Есть и другие различия. Беньяминовское «Произведение искусства в эпоху его технической воспроизводимости» исполнено почти безумных надежд на революционный потенциал новых форм массового искусства, особенно кино{302}. «О джазе», написанная Адорно под псевдонимом Гектор Ротвейлер, представляет собой набор злобных нападок на новый вид музыки, к которому он испытывал отвращение, считая его ярким воплощением катастрофы искусства, превращенного капитализмом в товар{303}.
Оба текста – это неомарксистская критика массовой культуры, а значит – противоядие от снобистских консервативных иеремиад, преобладавших тогда так же, как и сейчас. По воспитанию и темпераменту оба автора были культурными бунтарями. Тем не менее едва ли вы найдете в каком-либо из этих текстов снобизм Пруста, пренебрежение к массовому культурному производству Хаксли, презрение Д.Г. Лоуренса к популярным развлечениям. Никто из них двоих не видит в описываемых ими формах искусства повода для шпенглерианского плача о закате Европы. Не стремились они проклинать и варварское настоящее, противопоставляя его славному прошлому.

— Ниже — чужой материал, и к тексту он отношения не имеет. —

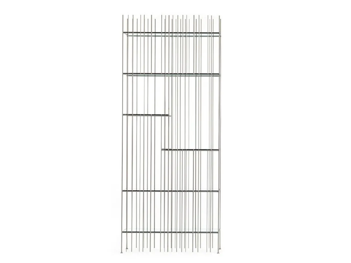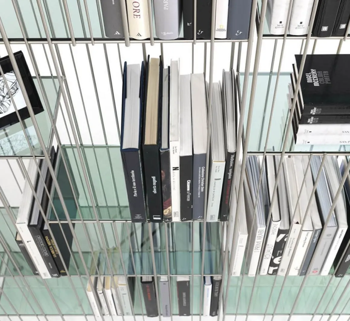 Metrica est une bibliothèque murale en métal avec des étagères en verre, conçue par CtrlZak pour la marque Mogg. Elle est faite de tiges d’acier avec finition titane ou bronze ainsi que d’étagères (deux finitions verre vert ou verre brun) dans un cristal transparent. La structure simple exploite le traitement industriel de la barre ronde dans différents diamètres et selon une cloison irrégulière.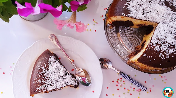 Hoy toca cocina dulce sin azúcar. Una excelente tarta japonesa de queso con chocolate.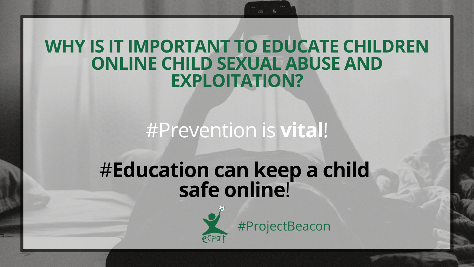 For this reason, since 2021, ECPAT International is advocating, through Project Beacon, to ensure child protection from sexual abuse and exploitation within the European Digital Services Act that is going to be finalised between April and May 2022- Additionally, Project Beacon advocates for a more comprehensive EU Strategy for a more effective fight against child sexual abuse.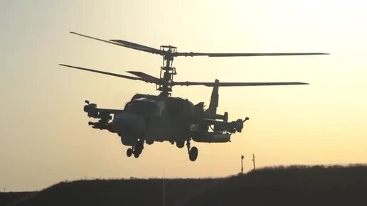 Во-первых, это красиво. Вертолеты Ка-52 разматывают баржу, которая вышла из Никополя в Энергодар.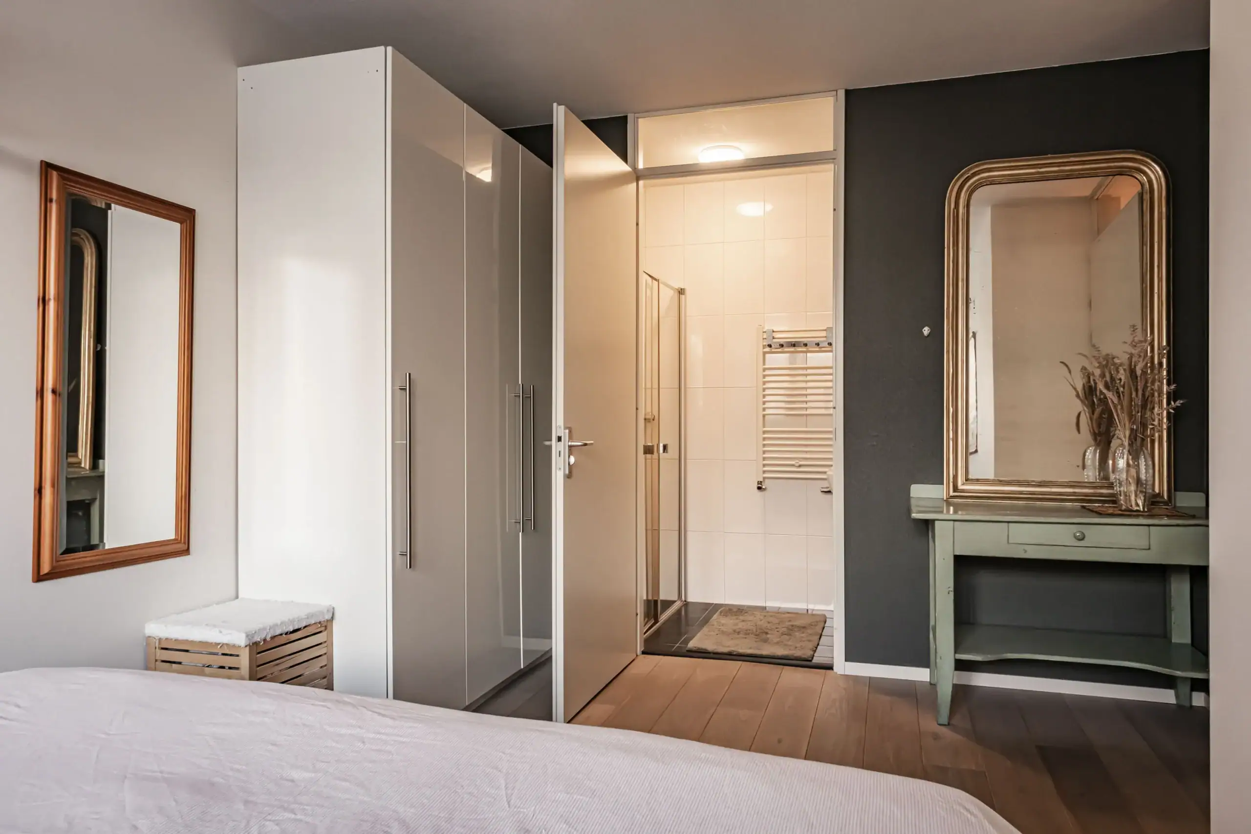 Dit moderne en sfeervolle appartement ligt op eerste verdieping van het kleinschalige complex “Benedictushof” aan de rand van het centrum. De woonkamer is heerlijk ruim en door de grote ramen en openslaande deuren, geniet je optimaal van het zonlicht. Het Franse balkon is op het zuiden en in de zomer zit of lig je in je eigen woonkamer heerlijk in de zon. Op de achtergrond hoor je het kabbelende water van het Spaarne. De slaapkamer is verrassend groot en heeft een ensuite badkamer. Overal in de woning ligt een strak lamel parket met geïntegreerde vloerverwarming en -koeling. Kortom: een comfortabel appartement vol licht en ruimte, dat meteen huiselijk aanvoelt. In de onderbouw van het complex (hoogbouw) is er een ruime eigen berging.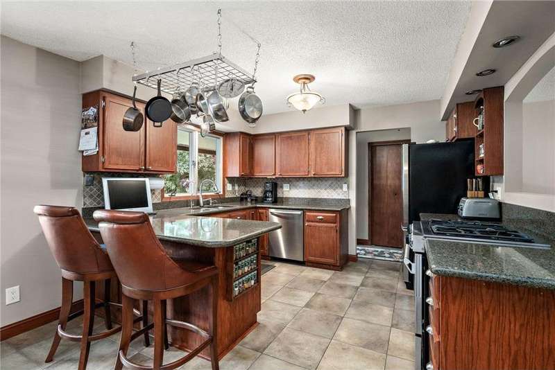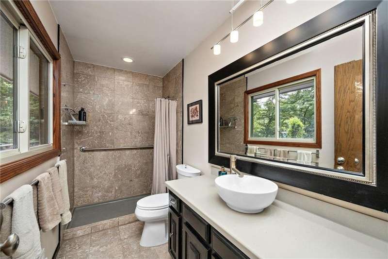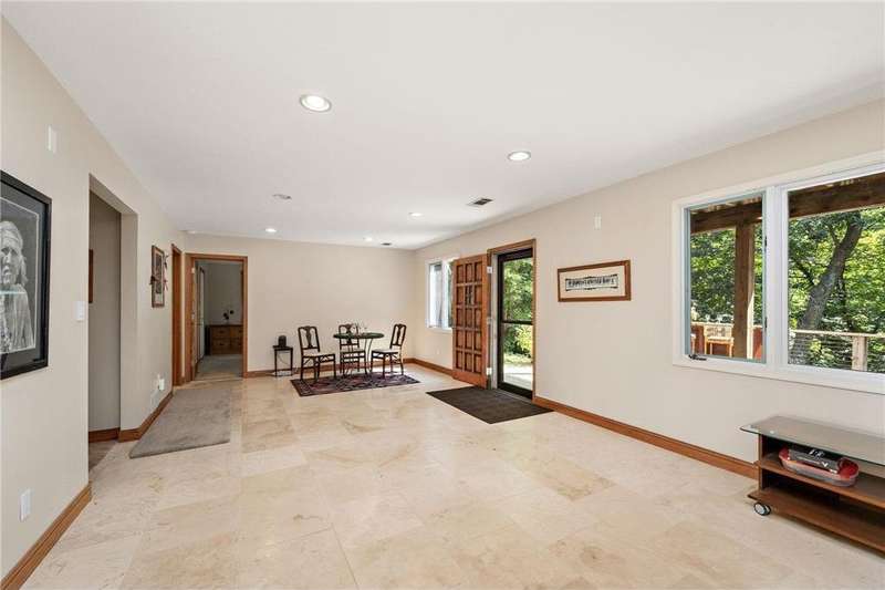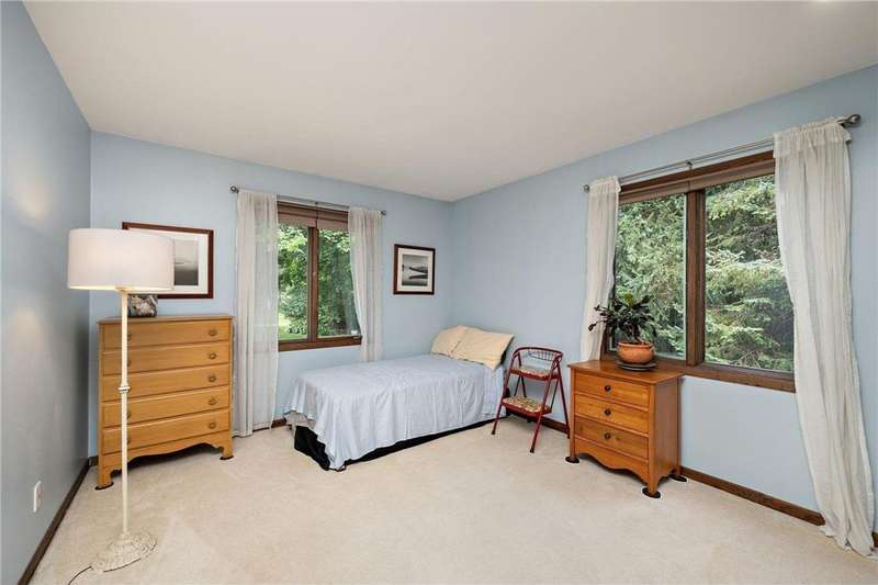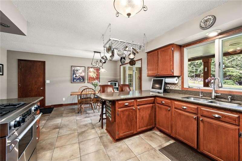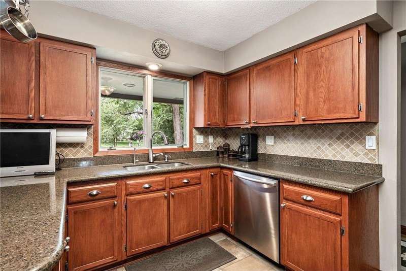 Meticulously maintained Eden Prairie walkout rambler, situated on an amazing 1 acre lot with city convenience and country privacy. Casual style open floor plan with 3 bedrooms on the main level. Kitchen boasts a breakfast bar, Silestone counters, tile floor, 9' ceiling and walkout to deck. Oversized 2 car garage on top, full garage underneath with single door - great work shop. Private well for irrigation.

Оба очерка были написаны в неопределенности изгнания: Беньямин находился в Париже, Адорно – третий год в Оксфорде, и будущее обещало им обоим отъезд из Европы. В итоге фашизм, подобно привидению, стоял за спиной обоих авторов, пока они писали эти тексты. Критика джазовой музыки Адорно беспокоили военные марши, которые он слышал в ее синкопированных ритмах; для Беньямина же фашизм был прямой и явной угрозой, и коммунизму следовало ответить на нее политизацией искусства. Беньямин, похоже, понимал, что отчаяние, вызванное массовой культурой, обедняющей человеческий опыт, является непозволительной роскошью во времена, когда нужно атаковать фашизм. Отчаяние от оскудения человеческого опыта в результате нашего «неумелого применения техники», выраженное им в очерке «Эдуард Фукс, коллекционер и историк», теперь было оставлено. Вместо него появились полные надежды размышления о том, как новые технологические формы искусства, в частности кино, смогут произвести революцию в человеческом восприятии, сделав его возможно более устойчивым к фашизму. Даже надвигающаяся машина Голливуда не могла раздавить его мечты о кино. Его беспокоил культ кинозвезд, основанный на фальшивом обаянии личности и товарном фетишизме, но все это только между прочим: в основном большая часть его знаменитого эссе идет вразрез со ставшей притчей во языцех негативностью Франкфуртской школы. «Произведение искусства в эпоху его технической воспроизводимости» начинается с идеи, что в конце XIX века наступил переломный момент в отношениях искусства и техники: «На рубеже XIX и XX веков средства технической репродукции достигли уровня, находясь на котором они не только начали превращать в свой объект всю совокупность имеющихся произведений искусства и серьезнейшим образом изменять их воздействие на публику, но и заняли самостоятельное место среди видов художественной деятельности. Для изучения достигнутого уровня нет ничего плодотворнее анализа того, каким образом два характерных для него явления – художественная репродукция и киноискусство – оказывают обратное воздействие на искусство в его традиционной форме».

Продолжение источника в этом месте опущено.